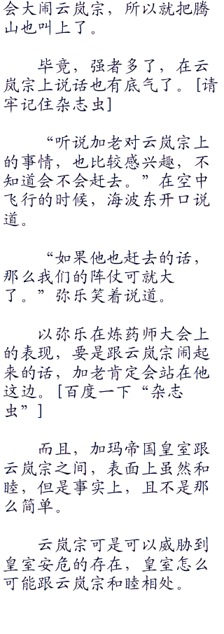 “如此甚好,不然的话,我可不会让你好过。”弥乐并没有拐弯抹角,直接开口说道,“最近一段时间,云岚宗那边应该有点事情吧?”
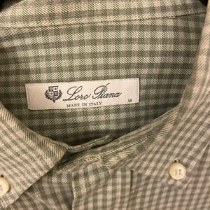 Loro Piana Collared Button Down Checkered Long Sleeve Green Size Medium
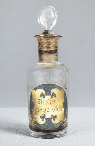 Inscripció etiqueta: "Elixir / larga vida" [Elixir longae vitae, elixir de llarga vida], manuscrita amb tinta.
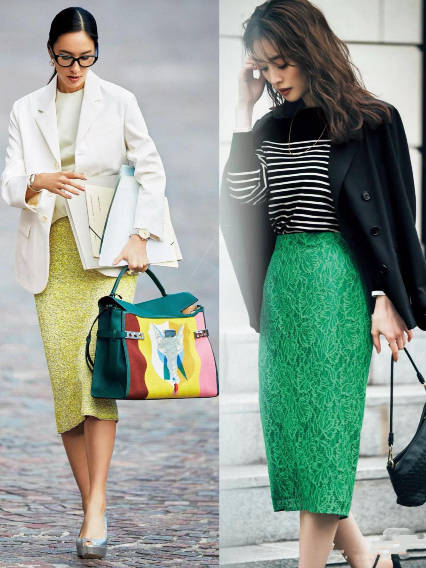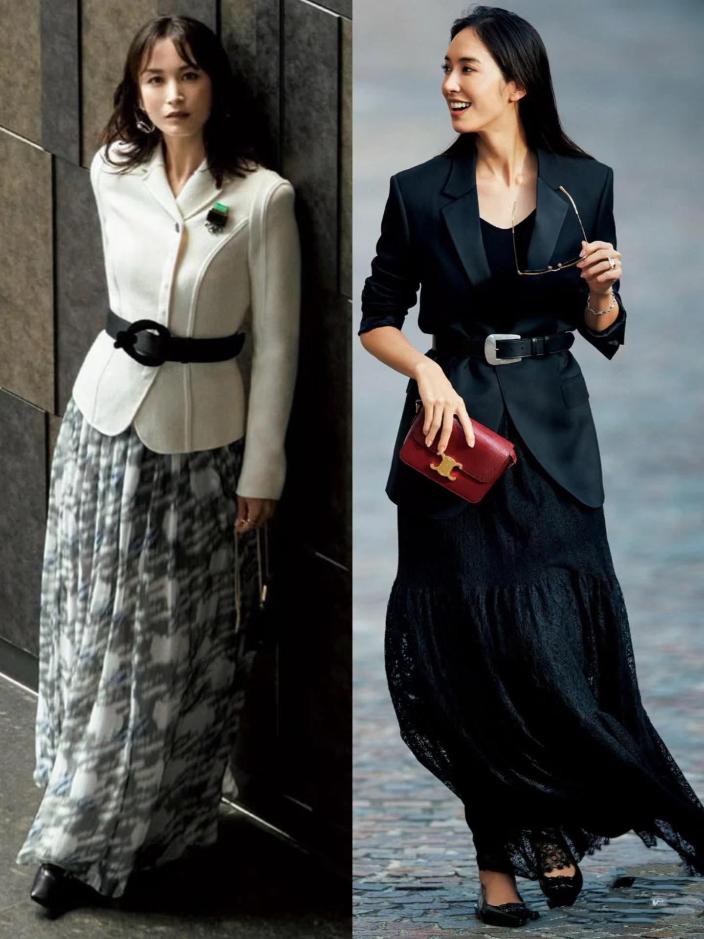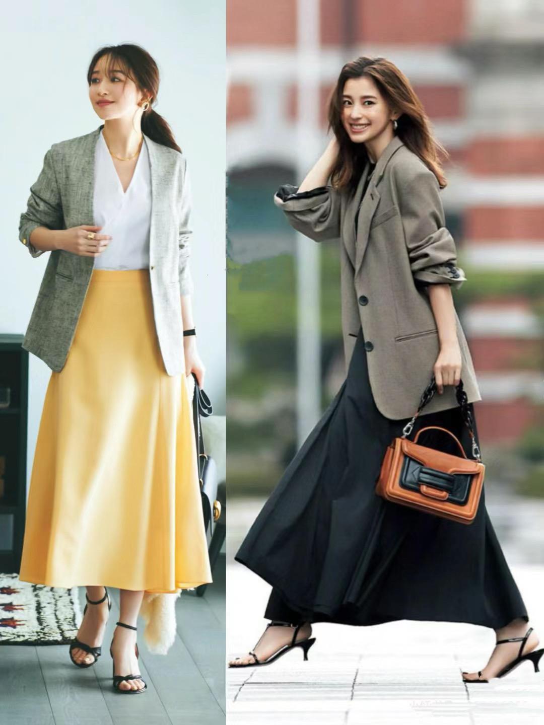 短款的西服外套,或者比較合身精緻的款式,最好是與長款及踝的裙子搭配,
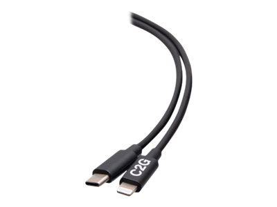 C2G 3ft (0.9m) USB-C Male to Lightning Male Sync and Charging Cable - Black - Lightning-kabel - 24 pin USB-C hane till Lightning hane - 91 cm - svart - USB-strömförsörjning (20W), up to 480 Mbps
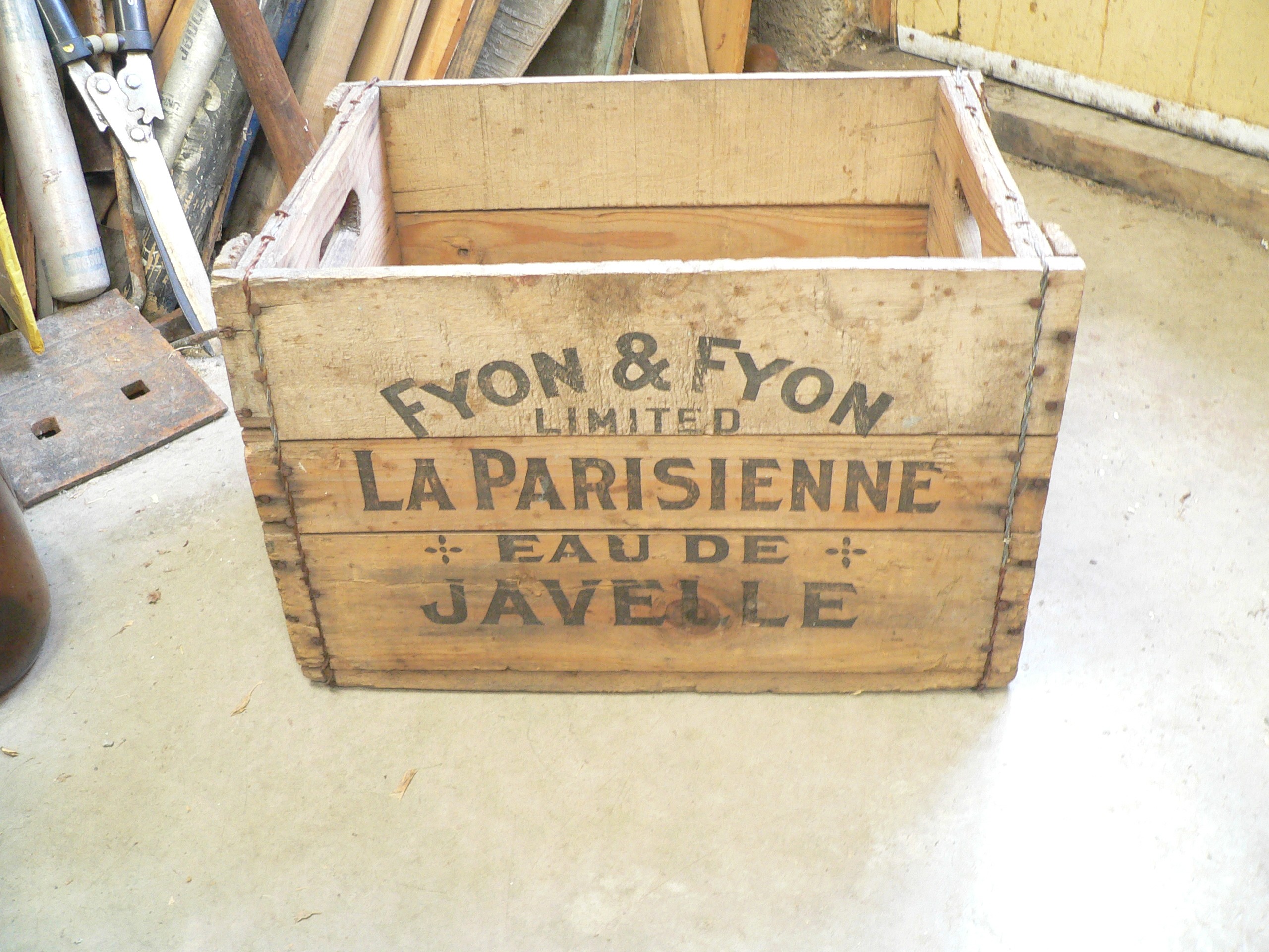 Caisse eau de javelle la parisienne # 12509.11 antique Fyon & Fyon 18" x 12"1/2 x 12" H 50$
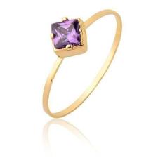 Anel Solitário Pedra Natural Ametista Em Ouro Puro 10k As505 - Maehler
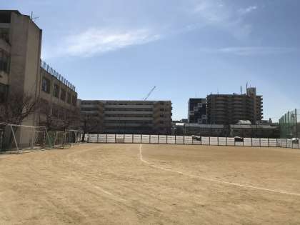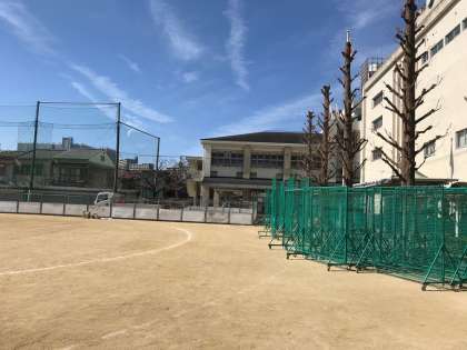 仮設校舎建設工事用フェンスが完成し、残された運動場の広さは半分ほどになりました。工事の進行によって、若干調整はしてもらえるそうです。体育の授業は、2層の体育館も使って行います。
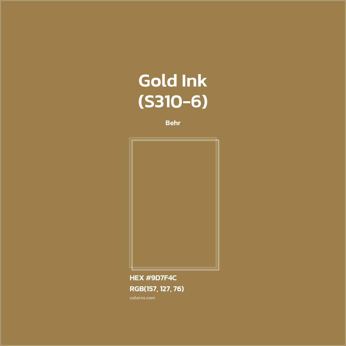 Gold Ink (S310-6) color belongs to the Yellow color family (hue). The hexadecimal color code(color number) for Gold Ink (S310-6) is #9D7F4C, and the RGB color code is RGB(157, 127, 76).
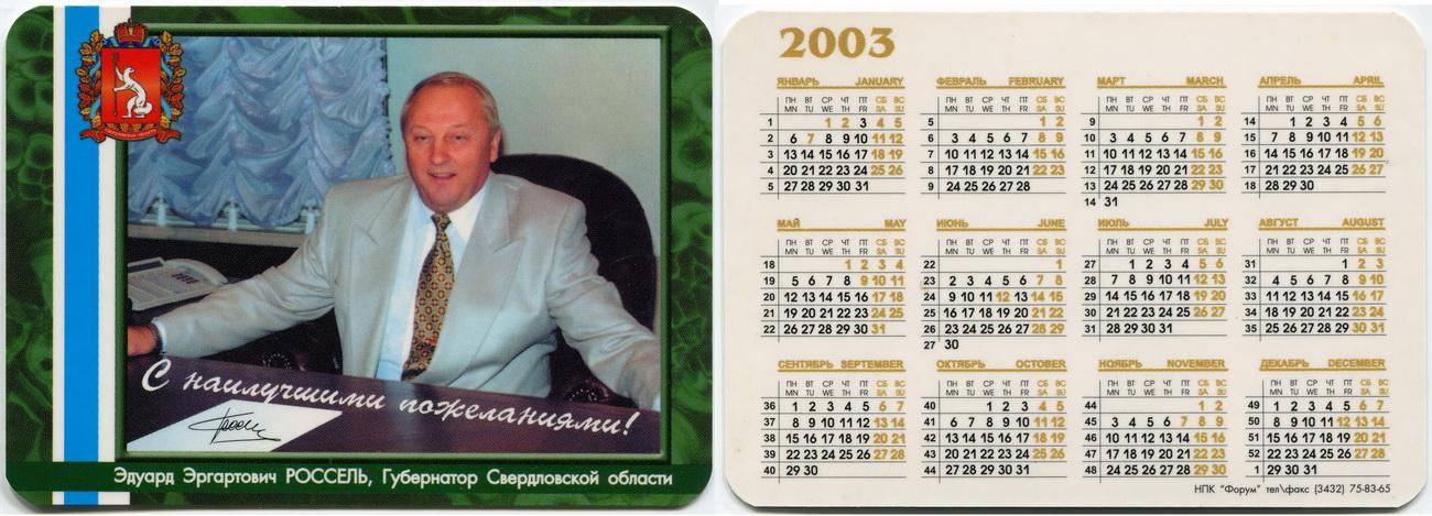 Карманный календарик "Губернатор Свердловской области Россель Э.Э. 2003 г."

####################

● **EXERCISE REQUIREMENTS**
Only exact repeats of the lines from the one containing "Caisse eau de" through the end of the listing above are wanted here; pictures are not.

● **EXERCISE OUTPUT**
 Caisse eau de javelle la parisienne # 12509.11 antique Fyon & Fyon 18" x 12"1/2 x 12" H 50$
 Anel Solitário Pedra Natural Ametista Em Ouro Puro 10k As505 - Maehler
 仮設校舎建設工事用フェンスが完成し、残された運動場の広さは半分ほどになりました。工事の進行によって、若干調整はしてもらえるそうです。体育の授業は、2層の体育館も使って行います。
 Gold Ink (S310-6) color belongs to the Yellow color family (hue). The hexadecimal color code(color number) for Gold Ink (S310-6) is #9D7F4C, and the RGB color code is RGB(157, 127, 76).
 Карманный календарик "Губернатор Свердловской области Россель Э.Э. 2003 г."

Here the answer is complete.